BUG #3921: CREATE TABLE / INCLUDING INDEXES fails with permission denied

From
"Andrew Gilligan"
Date:
The following bug has been logged online:

Bug reference:      3921
Logged by:          Andrew Gilligan
Email address:      andy@tcpd.net
PostgreSQL version: 8.3.0
Operating system:   FreeBSD 4.11
Description:        CREATE TABLE / INCLUDING INDEXES fails with permission
denied
Details:

Hi all,

There seems to be an incorrect permission failure if INCLUDING INDEXES
is specified while creating a table, even if the user owns the database.

The example below was run on 8.3.0 cvs, checked out earlier today.
No changes were made to any tablespaces.

template1=# CREATE USER andy PASSWORD 'foo';
CREATE ROLE
Time: 2.350 ms
template1=# CREATE DATABASE test OWNER andy;
CREATE DATABASE
Time: 225.004 ms
template1=# \c test andy
Password for user andy:
You are now connected to database "test" as user "andy".
test=> CREATE TABLE t1 (a int PRIMARY KEY);
NOTICE:  CREATE TABLE / PRIMARY KEY will create implicit index "t1_pkey" for
table "t1"
CREATE TABLE
Time: 25.515 ms
test=> CREATE TABLE t2 (LIKE t1 INCLUDING INDEXES);
ERROR:  permission denied for tablespace pg_default
test=> \db+
                       List of tablespaces
    Name    | Owner | Location | Access privileges | Description
------------+-------+----------+-------------------+-------------
 pg_default | pgsql |          |                   |
 pg_global  | pgsql |          |                   |
(2 rows)
"Andrew Gilligan" <andy@tcpd.net> writes:
> test=> CREATE TABLE t2 (LIKE t1 INCLUDING INDEXES);    
> ERROR:  permission denied for tablespace pg_default

How annoying :-(.  We could work around this particular manifestation
with a patch to make generateClonedIndexStmt() not set index->tableSpace
if the source index is in the database's default tablespace.  However,
it seems to me there are a number of definitional oddities in this area,
so I'm bouncing this over to -hackers for some discussion.

1. DefineIndex() treats an omitted tablespace clause differently from
explicitly specifying the tablespace that is the database's default:
if you explicitly specify the space then you must have permissions on
it, otherwise you don't need any.  (This is the same behavior as in
DefineRelation incidentally.)  Maybe this isn't such a hot idea, and
we should treat the two cases interchangeably?

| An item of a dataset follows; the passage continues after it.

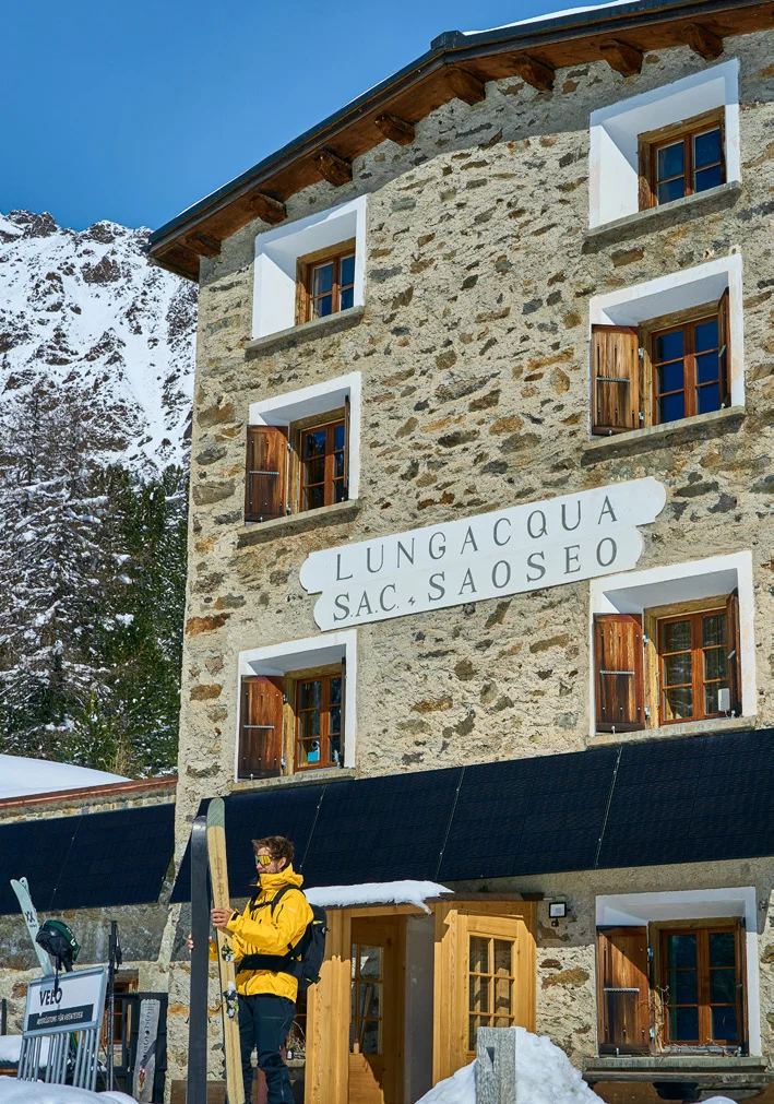 Le Rifugio Saoseo se situe près du lac du même nom à 1985 mètres d'altitude dans le Val di Campo, niché dans un paysage montagneux préservé entre le col de la Bernina et Poschiavo. Facilement accessible et entourée de sommets de plus de 3 000 mètres, cette cabane est un point de départ idéal pour les randonnées à ski. Les possibilités sont innombrables. Les expositions très variées permettent de trouver facilement des itinéraires adaptés aux conditions. La cabane dispose de 80 places (chambres à plusieurs lits et dortoirs). Ouverture en hiver : de Noël à Nouvel An puis de début février à fin avril.

2. Because heap_create() replaces MyDatabaseTableSpace with zero before
storing reltablespace into pg_class, it is impossible to tell after the
fact whether a table or index was created with an explicit tablespace
specification that happened to match the DB's default, or whether the
tablespace clause was omitted.  This seems inconsistent with point 1,
if we decide to maintain the current behavior that the cases are not
treated identically.  However we can't just change this, because of the
way that CREATE DATABASE works.

3. Should LIKE INCLUDING INDEXES even try to copy the source index's
tablespace?  It doesn't try to copy the table's tablespace.  (However,
the new table's tablespace can be specified elsewhere in the command,
whereas there's noplace to put a per-index tablespace spec.)  IIRC
it was reported as a bug that LIKE didn't copy index tablespaces, and
we just "fixed" that without much thought, but maybe the point needs
more careful consideration.

Thoughts?
        regards, tom lane


Re: BUG #3921: CREATE TABLE / INCLUDING INDEXES fails with permission denied

From
Gregory Stark
Date:
"Tom Lane" <tgl@sss.pgh.pa.us> writes:

> 1. DefineIndex() treats an omitted tablespace clause differently from
> explicitly specifying the tablespace that is the database's default:
> if you explicitly specify the space then you must have permissions on
> it, otherwise you don't need any.  (This is the same behavior as in
> DefineRelation incidentally.)  Maybe this isn't such a hot idea, and
> we should treat the two cases interchangeably?

I always thought that was absolutely bizarre. Security should never depend on
*how* you refer to an object. You should either have access to the object or
not regardless of how you refer to it.

--  Gregory Stark EnterpriseDB          http://www.enterprisedb.com Ask me about EnterpriseDB's Slony Replication
support!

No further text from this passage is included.